**Task inputs:**
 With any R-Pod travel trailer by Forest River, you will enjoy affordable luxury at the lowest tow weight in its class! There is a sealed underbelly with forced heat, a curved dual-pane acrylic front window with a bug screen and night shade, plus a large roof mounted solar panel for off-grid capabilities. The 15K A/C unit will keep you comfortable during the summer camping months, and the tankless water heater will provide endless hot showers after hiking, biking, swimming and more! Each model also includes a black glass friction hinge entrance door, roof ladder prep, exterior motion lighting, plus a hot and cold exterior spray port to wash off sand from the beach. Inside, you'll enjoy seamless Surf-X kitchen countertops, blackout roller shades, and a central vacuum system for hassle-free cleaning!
...
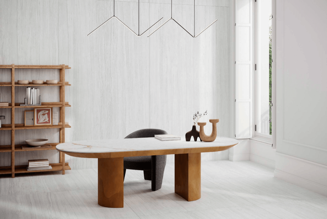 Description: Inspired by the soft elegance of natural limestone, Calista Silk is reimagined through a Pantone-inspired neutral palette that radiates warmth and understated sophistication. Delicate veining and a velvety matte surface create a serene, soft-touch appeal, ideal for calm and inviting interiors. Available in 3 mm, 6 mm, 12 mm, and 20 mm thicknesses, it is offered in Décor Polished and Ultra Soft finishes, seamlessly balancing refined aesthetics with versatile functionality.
--
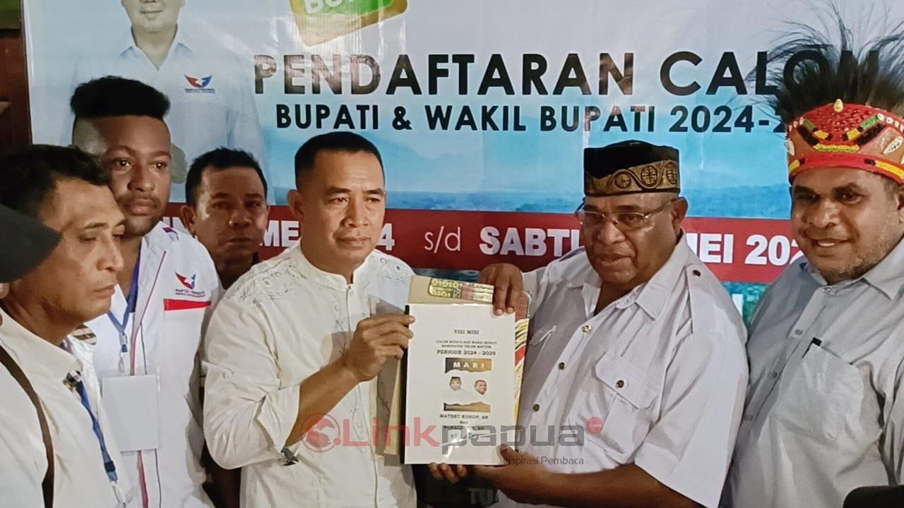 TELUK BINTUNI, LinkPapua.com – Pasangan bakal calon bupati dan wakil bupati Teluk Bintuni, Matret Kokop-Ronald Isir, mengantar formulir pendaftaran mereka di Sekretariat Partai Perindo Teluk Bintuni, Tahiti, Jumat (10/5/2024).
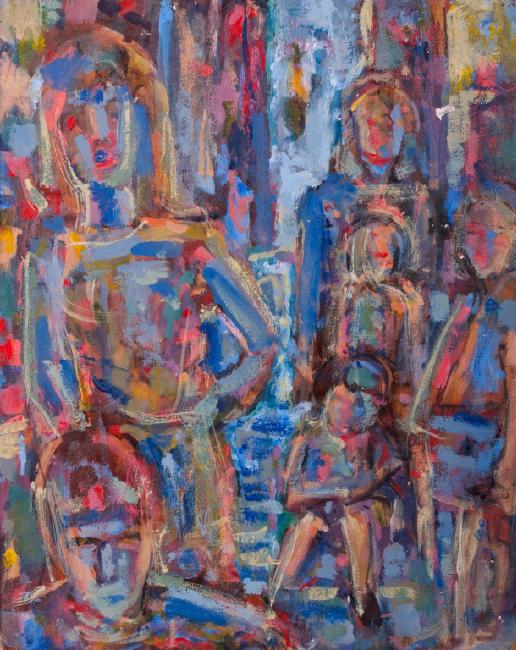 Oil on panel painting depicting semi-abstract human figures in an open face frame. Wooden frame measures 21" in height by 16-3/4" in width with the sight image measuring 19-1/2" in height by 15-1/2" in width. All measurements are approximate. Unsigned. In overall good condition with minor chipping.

**What to do:**
Leaving every picture aside, reproduce exactly the lines above from the one with "TELUK BINTUNI, LinkPapua.com" up to and including the one with "Oil on panel", and no others.

**Expected answer:**
 TELUK BINTUNI, LinkPapua.com – Pasangan bakal calon bupati dan wakil bupati Teluk Bintuni, Matret Kokop-Ronald Isir, mengantar formulir pendaftaran mereka di Sekretariat Partai Perindo Teluk Bintuni, Tahiti, Jumat (10/5/2024).
 Oil on panel painting depicting semi-abstract human figures in an open face frame. Wooden frame measures 21" in height by 16-3/4" in width with the sight image measuring 19-1/2" in height by 15-1/2" in width. All measurements are approximate. Unsigned. In overall good condition with minor chipping.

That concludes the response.